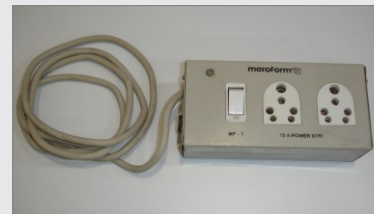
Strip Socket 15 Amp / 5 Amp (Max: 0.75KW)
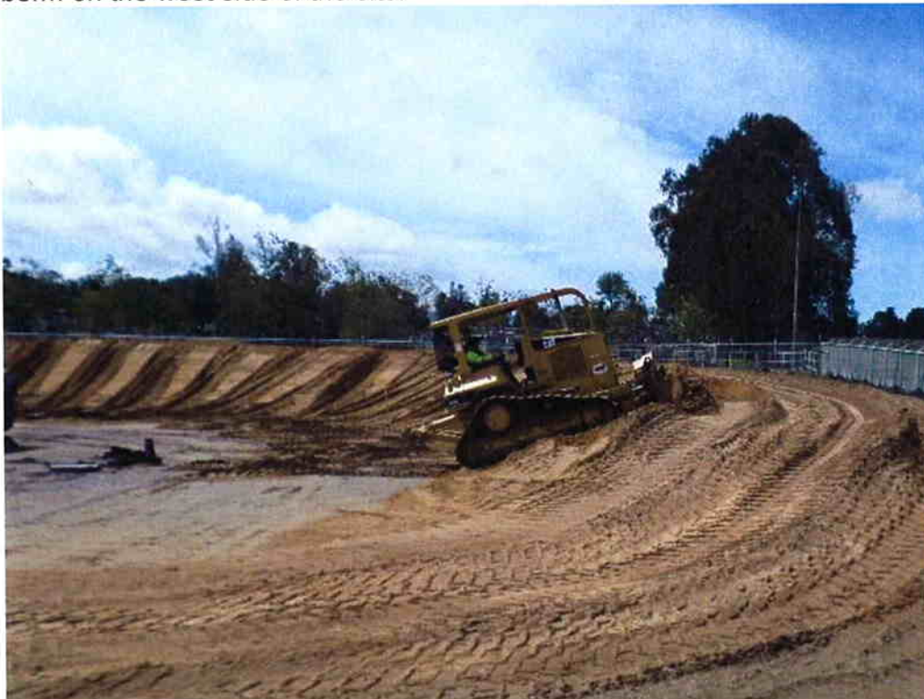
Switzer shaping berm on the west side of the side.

★ ★ ★ ★ ★ ★ ★

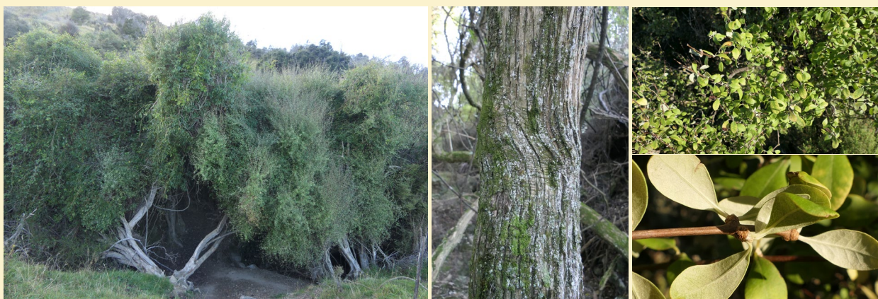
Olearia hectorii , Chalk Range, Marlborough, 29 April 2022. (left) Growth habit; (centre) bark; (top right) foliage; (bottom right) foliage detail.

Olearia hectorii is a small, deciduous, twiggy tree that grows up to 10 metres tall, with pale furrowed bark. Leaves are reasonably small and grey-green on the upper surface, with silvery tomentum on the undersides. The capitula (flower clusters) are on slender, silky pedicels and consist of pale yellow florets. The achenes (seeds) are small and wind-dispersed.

★ ★ ★ ★ ★ ★ ★

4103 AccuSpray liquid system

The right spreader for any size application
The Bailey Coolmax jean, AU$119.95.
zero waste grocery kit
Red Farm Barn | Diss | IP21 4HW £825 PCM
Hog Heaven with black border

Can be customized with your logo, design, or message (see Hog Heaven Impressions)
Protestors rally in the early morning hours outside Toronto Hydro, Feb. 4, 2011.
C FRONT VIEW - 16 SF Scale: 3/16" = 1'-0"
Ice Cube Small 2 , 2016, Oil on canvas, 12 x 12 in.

★ ★ ★ ★ ★ ★ ★

* **THE TASK**
From the listing above, repeat only the lines between the line containing "Strip Socket 15 Amp / 5 Amp (Max: 0.75KW)" and the line containing "Switzer shaping berm", those two included. Pictures are not part of the copy.

* **PROBLEM SOLUTION**
Strip Socket 15 Amp / 5 Amp (Max: 0.75KW)
Switzer shaping berm on the west side of the side.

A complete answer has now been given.